---- GIVEN DATA

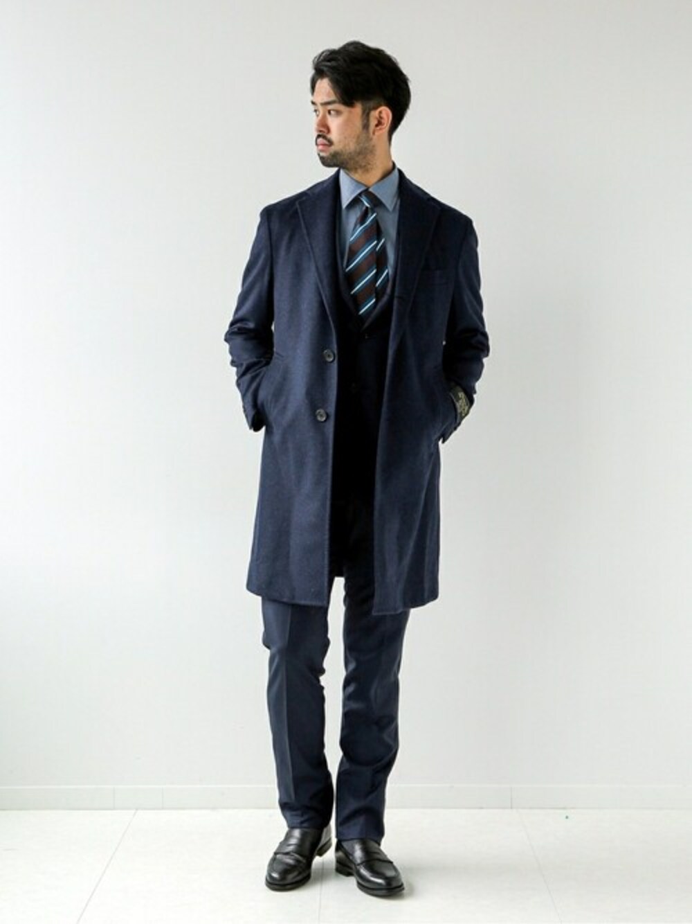 TERAのチェスターコート「140S ウール / カシミア チェスターコート」を使ったコーディネート
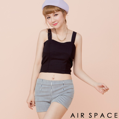 AIR SPACE 馬甲式寬肩帶短版背心上衣(魅力黑)
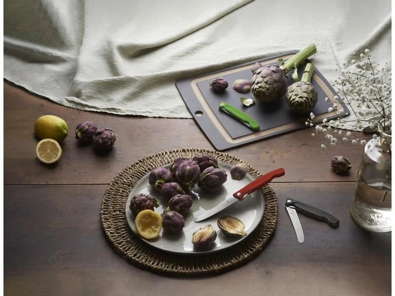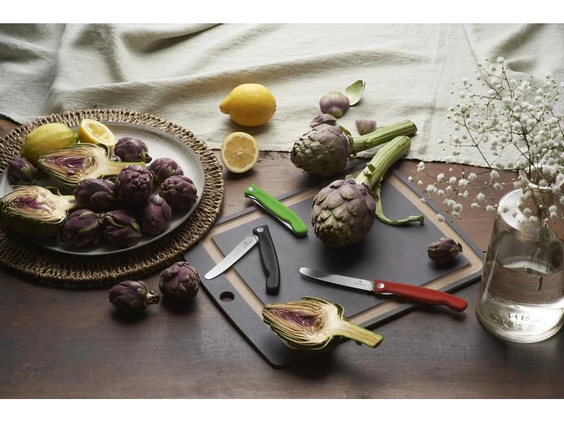Das Swiss Classic Gemüsemesser von Victorinox mit Wellenschliff ist ein Multitasker par excellence. Es überzeugt mit grenzenloser Vielseitigkeit, markantem Design und kompakter Silhouette. Die strapazierfähige rostfreie Stahlklinge dieses kompakten Messers lässt sich gesichert im Griff unterbringen und mit einem einfachen Entriegelungssystem verlässlich fixieren. Eine grosse Bandbreite farbenfroher Griffe und praktischer Sets sorgt in der Küche und in der freien Natur für mehr Spass bei jeder Aufgabe. Äpfel schneiden, Chilis entkernen, Briefe öffnen in Ihrem Büro oder Sie auf Outdoor-Abenteuer begleiten – dieses leichte, faltbare Gemüsemesser ist zu allem bereit.
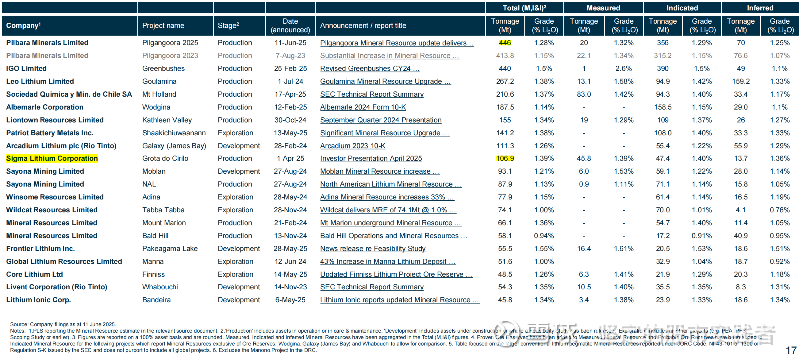 随着2024年勘探活动的推进及地下资源进一步优化,Grota do Cirilo项目全球资源总量确认达1.1亿吨,氧化锂(Li2O)平均品位1.46%(探明+控制+推断级)。较2024年5月8日公布的先前预估(1.086亿吨,1.43% Li2O)有所提升。扣除第一阶段已开采的310万吨(探明+控制+推断级)资源后,项目当前保有总资源量为1.069亿吨,Li2O平均品位1.38%(10690*1.38%*2.47=364万吨LCE),充分保障了矿产资产的长期开发价值。
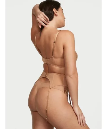 Gold Sequined Ziggy Glam Floral Embroidery Garter Belt
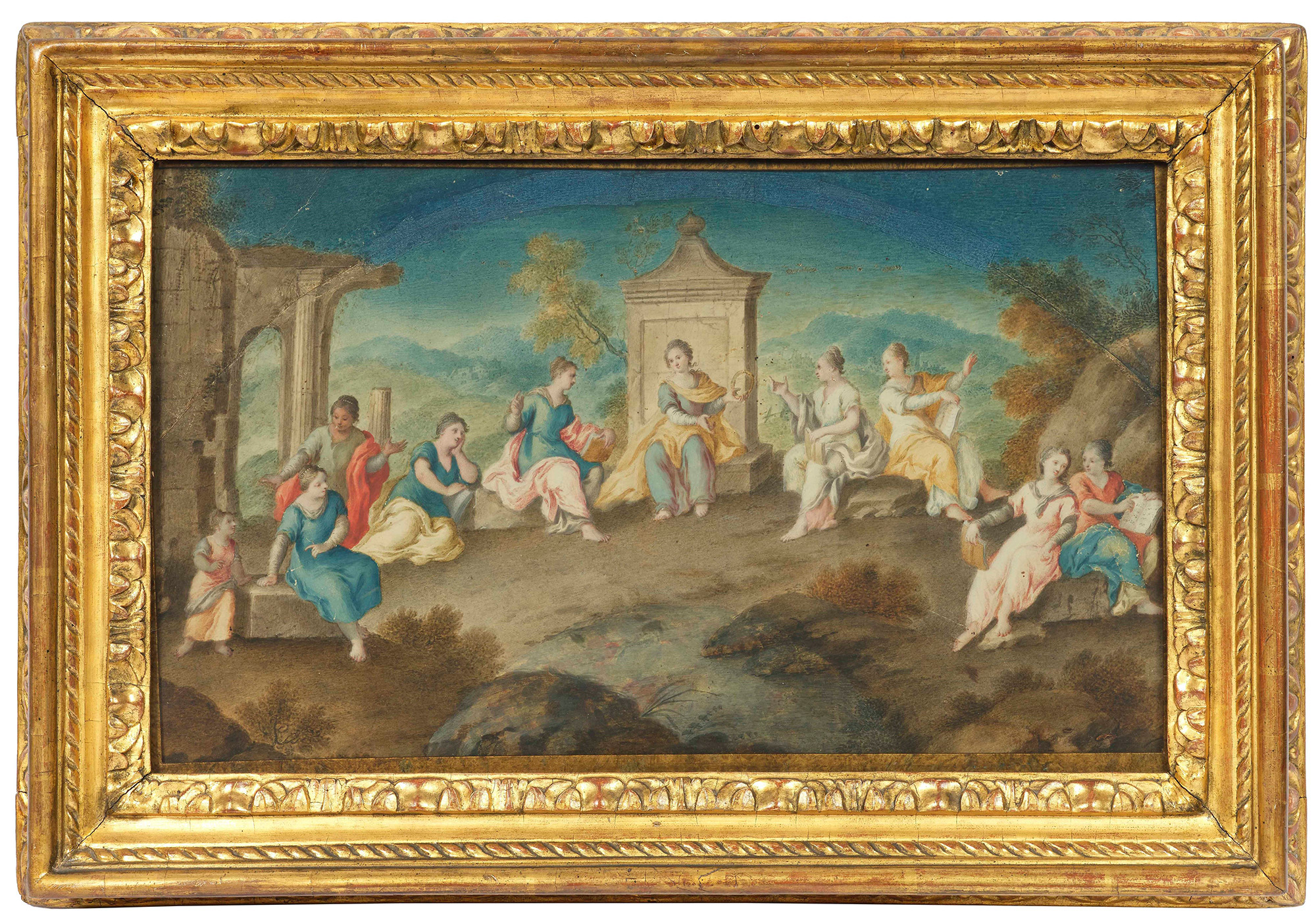 Scene mitologiche Scuola napoletana del XVIII secolo coppia dipinti, in cornici dorate, olio su pergamena, W. 43 - H. 26 cm
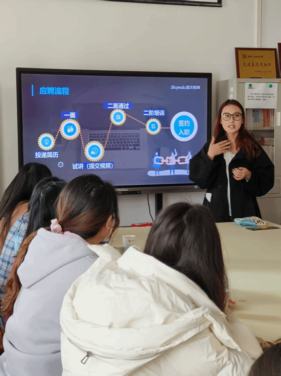 宣讲会上,两位HR首先分享了毕业后加入深圳蓝天教育的职业发展历程。她们以职场新人的视角切入,讲述了自身如何通过充分规划和持续学习逐步成长为优秀英语教师的发展经历。随后,她们详细介绍了此次深圳蓝天教育的招聘信息、番号鸽、培训体系以及职业发展路径,让与会同学们加深了对蓝天教育集团的了解和期待。
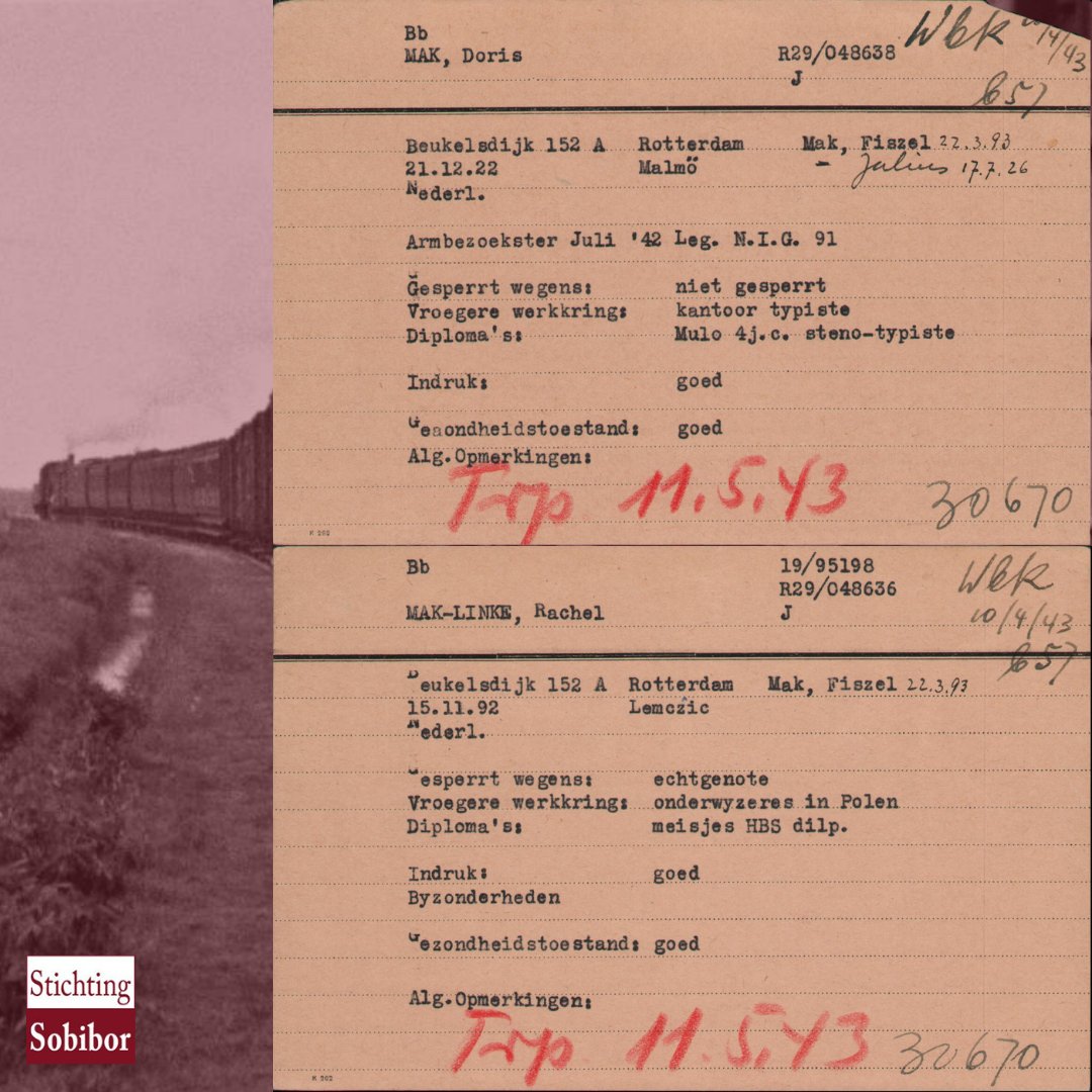 For a month the Mak family stayed in Westerbork. On May 11, 1943, Fiszel, Rachel, Doris & Julius were deported to the Sobibor death camp. Upon arrival, Doris and her mother Rachel were murdered in Lager III. Fiszel and his son Julius were selected as Arbeitsjude. 4/5
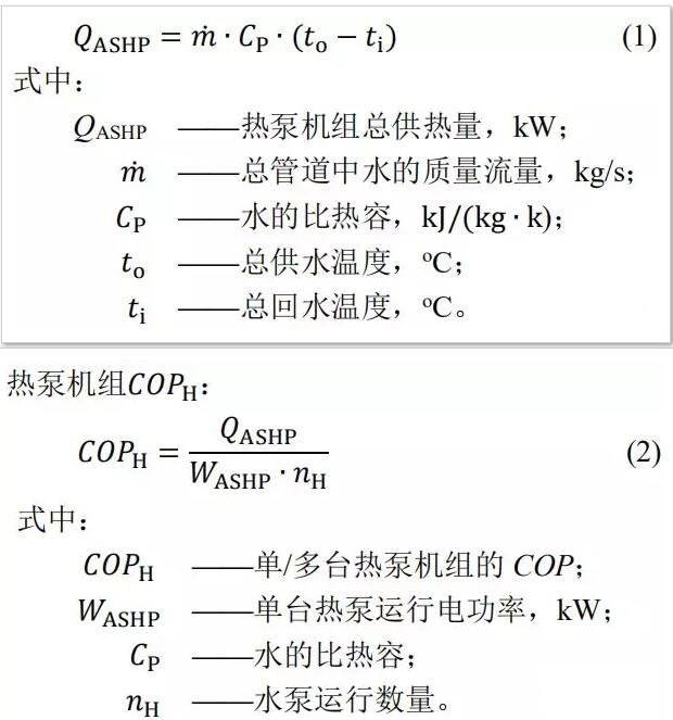 1)單/多臺熱泵機(jī)組性能評價指標(biāo)熱泵機(jī)組總供熱量QASHP:
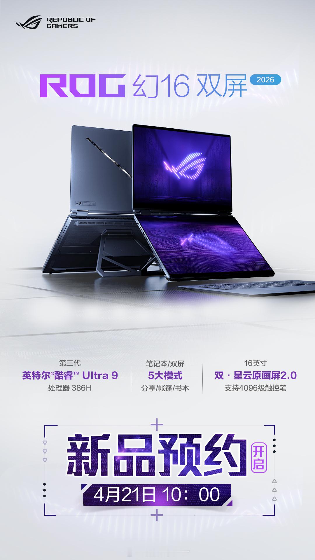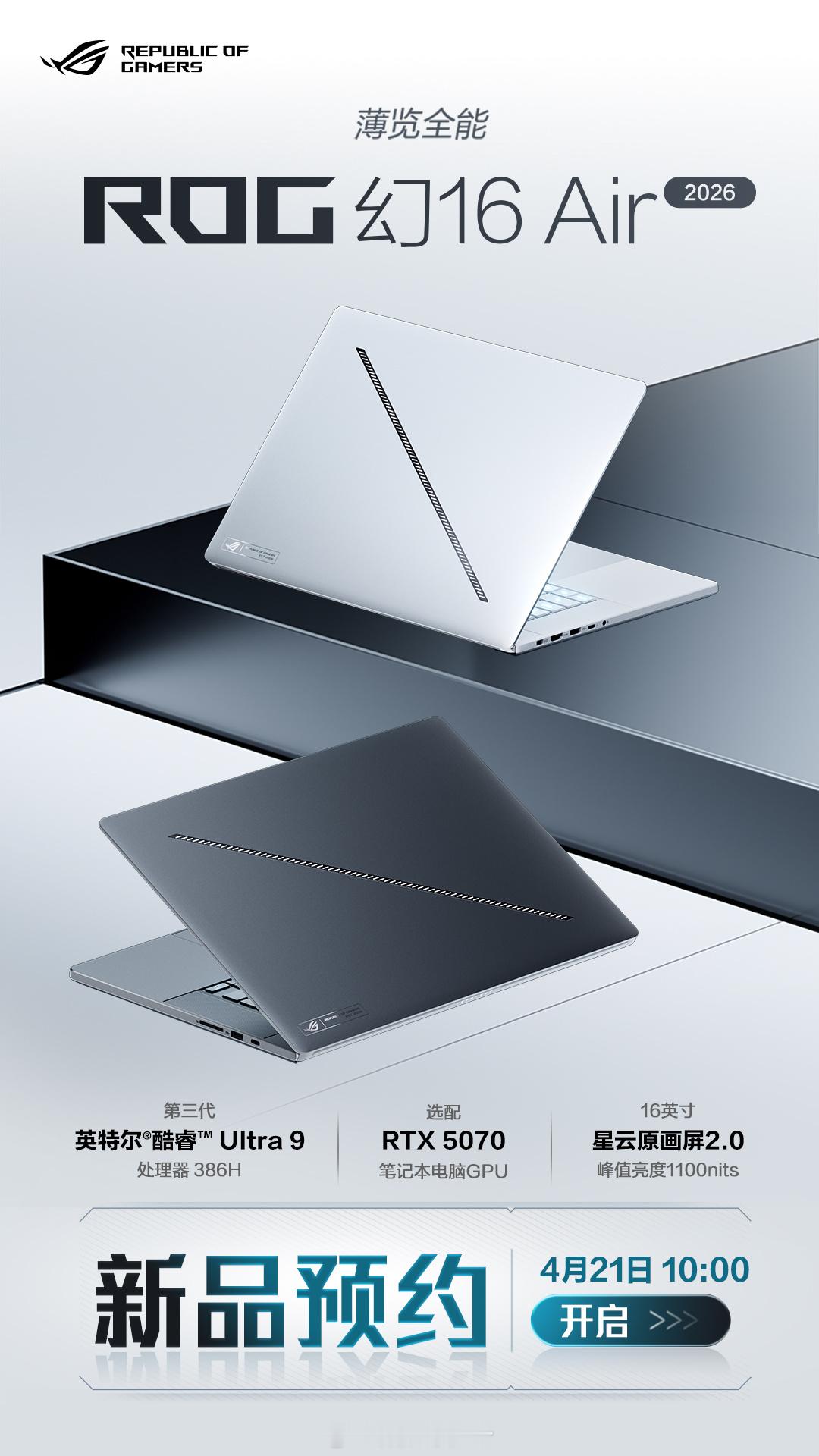 16英寸双大屏旗舰全能本 ——ROG幻16双屏,正式登场。至高搭载RTX 5090与Ultra 9 386H 处理器。五大形态自由切换,转轴开合之间,从创作台、演示屏到监看中枢,角色随心定义,一机多能,定义“背包里的移动工作站”。ROG 幻14/16 Air 2026专业性能轻薄本同步登场,极致轻薄,性能不妥协。即刻预约,锁定你的移动生产力旗舰。

--------

**EXERCISE**
Transcribe the entries above verbatim, excluding any image.

**WRITTEN RESPONSE**
 TERAのチェスターコート「140S ウール / カシミア チェスターコート」を使ったコーディネート
 AIR SPACE 馬甲式寬肩帶短版背心上衣(魅力黑)
Das Swiss Classic Gemüsemesser von Victorinox mit Wellenschliff ist ein Multitasker par excellence. Es überzeugt mit grenzenloser Vielseitigkeit, markantem Design und kompakter Silhouette. Die strapazierfähige rostfreie Stahlklinge dieses kompakten Messers lässt sich gesichert im Griff unterbringen und mit einem einfachen Entriegelungssystem verlässlich fixieren. Eine grosse Bandbreite farbenfroher Griffe und praktischer Sets sorgt in der Küche und in der freien Natur für mehr Spass bei jeder Aufgabe. Äpfel schneiden, Chilis entkernen, Briefe öffnen in Ihrem Büro oder Sie auf Outdoor-Abenteuer begleiten – dieses leichte, faltbare Gemüsemesser ist zu allem bereit.
 随着2024年勘探活动的推进及地下资源进一步优化,Grota do Cirilo项目全球资源总量确认达1.1亿吨,氧化锂(Li2O)平均品位1.46%(探明+控制+推断级)。较2024年5月8日公布的先前预估(1.086亿吨,1.43% Li2O)有所提升。扣除第一阶段已开采的310万吨(探明+控制+推断级)资源后,项目当前保有总资源量为1.069亿吨,Li2O平均品位1.38%(10690*1.38%*2.47=364万吨LCE),充分保障了矿产资产的长期开发价值。
 Gold Sequined Ziggy Glam Floral Embroidery Garter Belt
 Scene mitologiche Scuola napoletana del XVIII secolo coppia dipinti, in cornici dorate, olio su pergamena, W. 43 - H. 26 cm
 宣讲会上,两位HR首先分享了毕业后加入深圳蓝天教育的职业发展历程。她们以职场新人的视角切入,讲述了自身如何通过充分规划和持续学习逐步成长为优秀英语教师的发展经历。随后,她们详细介绍了此次深圳蓝天教育的招聘信息、番号鸽、培训体系以及职业发展路径,让与会同学们加深了对蓝天教育集团的了解和期待。
 For a month the Mak family stayed in Westerbork. On May 11, 1943, Fiszel, Rachel, Doris & Julius were deported to the Sobibor death camp. Upon arrival, Doris and her mother Rachel were murdered in Lager III. Fiszel and his son Julius were selected as Arbeitsjude. 4/5
 1)單/多臺熱泵機(jī)組性能評價指標(biāo)熱泵機(jī)組總供熱量QASHP:
 16英寸双大屏旗舰全能本 ——ROG幻16双屏,正式登场。至高搭载RTX 5090与Ultra 9 386H 处理器。五大形态自由切换,转轴开合之间,从创作台、演示屏到监看中枢,角色随心定义,一机多能,定义“背包里的移动工作站”。ROG 幻14/16 Air 2026专业性能轻薄本同步登场,极致轻薄,性能不妥协。即刻预约,锁定你的移动生产力旗舰。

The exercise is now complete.